Look in the material below for the line with "Moss, who is" and the line with "所有从阿根廷出发、搭乘航班经", then set down exactly those two lines and all lines between, nothing more.

__Materials provided__:
☆ ☆ ☆ ☆ ☆
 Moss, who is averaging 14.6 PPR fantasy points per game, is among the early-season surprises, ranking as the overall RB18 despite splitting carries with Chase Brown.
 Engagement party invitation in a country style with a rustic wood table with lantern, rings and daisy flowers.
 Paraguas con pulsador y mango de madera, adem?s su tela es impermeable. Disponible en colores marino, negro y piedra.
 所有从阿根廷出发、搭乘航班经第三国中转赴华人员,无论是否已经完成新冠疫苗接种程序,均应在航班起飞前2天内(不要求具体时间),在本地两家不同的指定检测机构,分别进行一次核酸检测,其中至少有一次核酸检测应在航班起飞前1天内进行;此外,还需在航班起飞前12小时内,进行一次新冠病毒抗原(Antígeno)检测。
☆ ☆ ☆ ☆ ☆
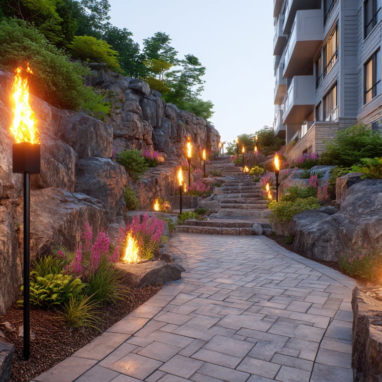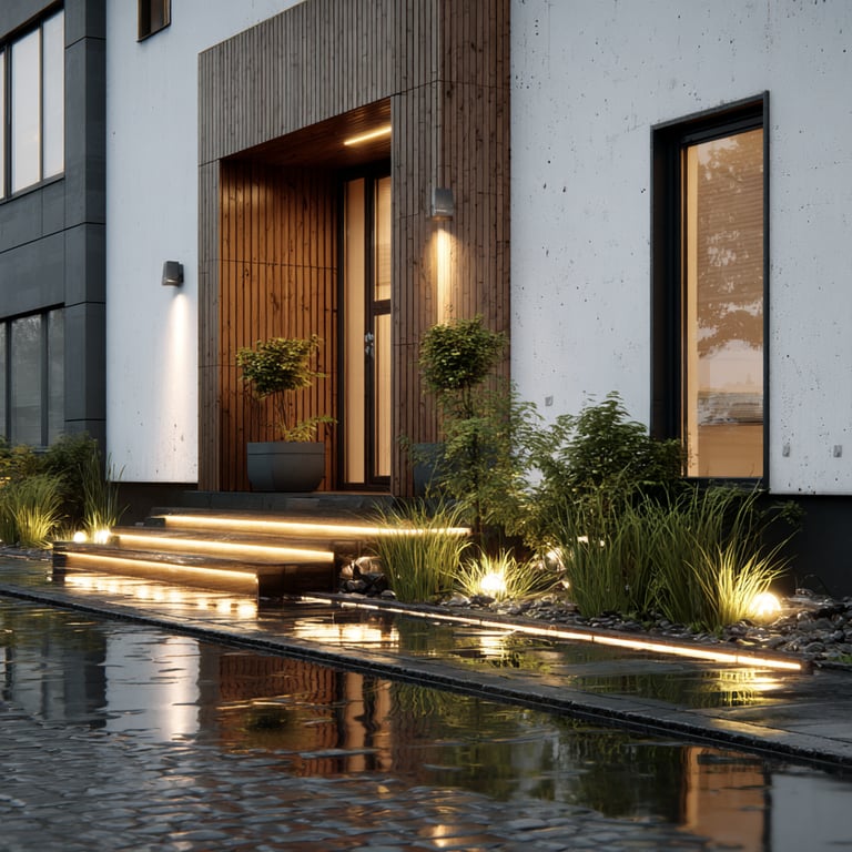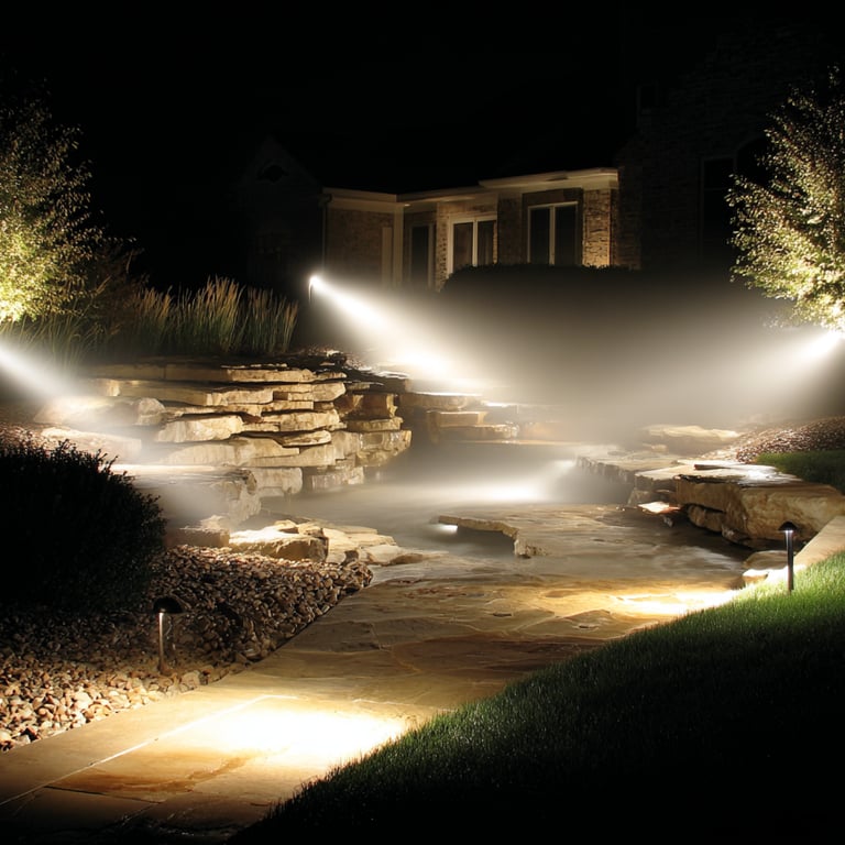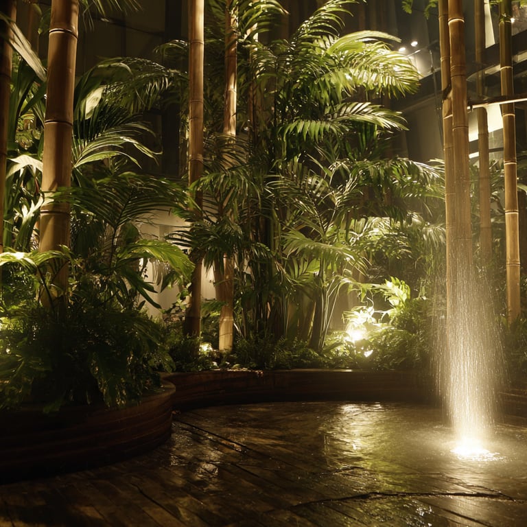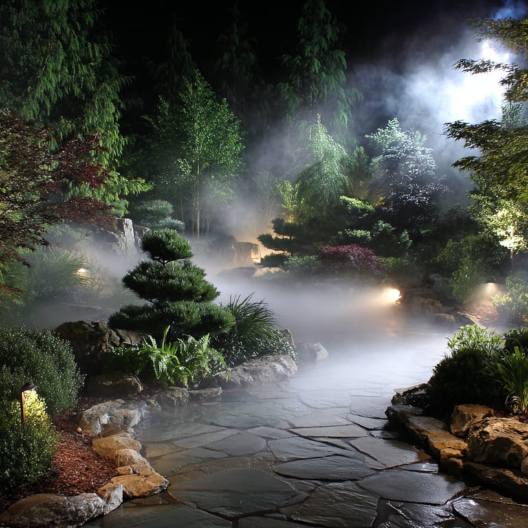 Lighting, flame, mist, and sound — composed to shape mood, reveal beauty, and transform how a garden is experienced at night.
☆ ☆ ☆ ☆ ☆
__Answer to this task__:
 Moss, who is averaging 14.6 PPR fantasy points per game, is among the early-season surprises, ranking as the overall RB18 despite splitting carries with Chase Brown.
 Engagement party invitation in a country style with a rustic wood table with lantern, rings and daisy flowers.
 Paraguas con pulsador y mango de madera, adem?s su tela es impermeable. Disponible en colores marino, negro y piedra.
 所有从阿根廷出发、搭乘航班经第三国中转赴华人员,无论是否已经完成新冠疫苗接种程序,均应在航班起飞前2天内(不要求具体时间),在本地两家不同的指定检测机构,分别进行一次核酸检测,其中至少有一次核酸检测应在航班起飞前1天内进行;此外,还需在航班起飞前12小时内,进行一次新冠病毒抗原(Antígeno)检测。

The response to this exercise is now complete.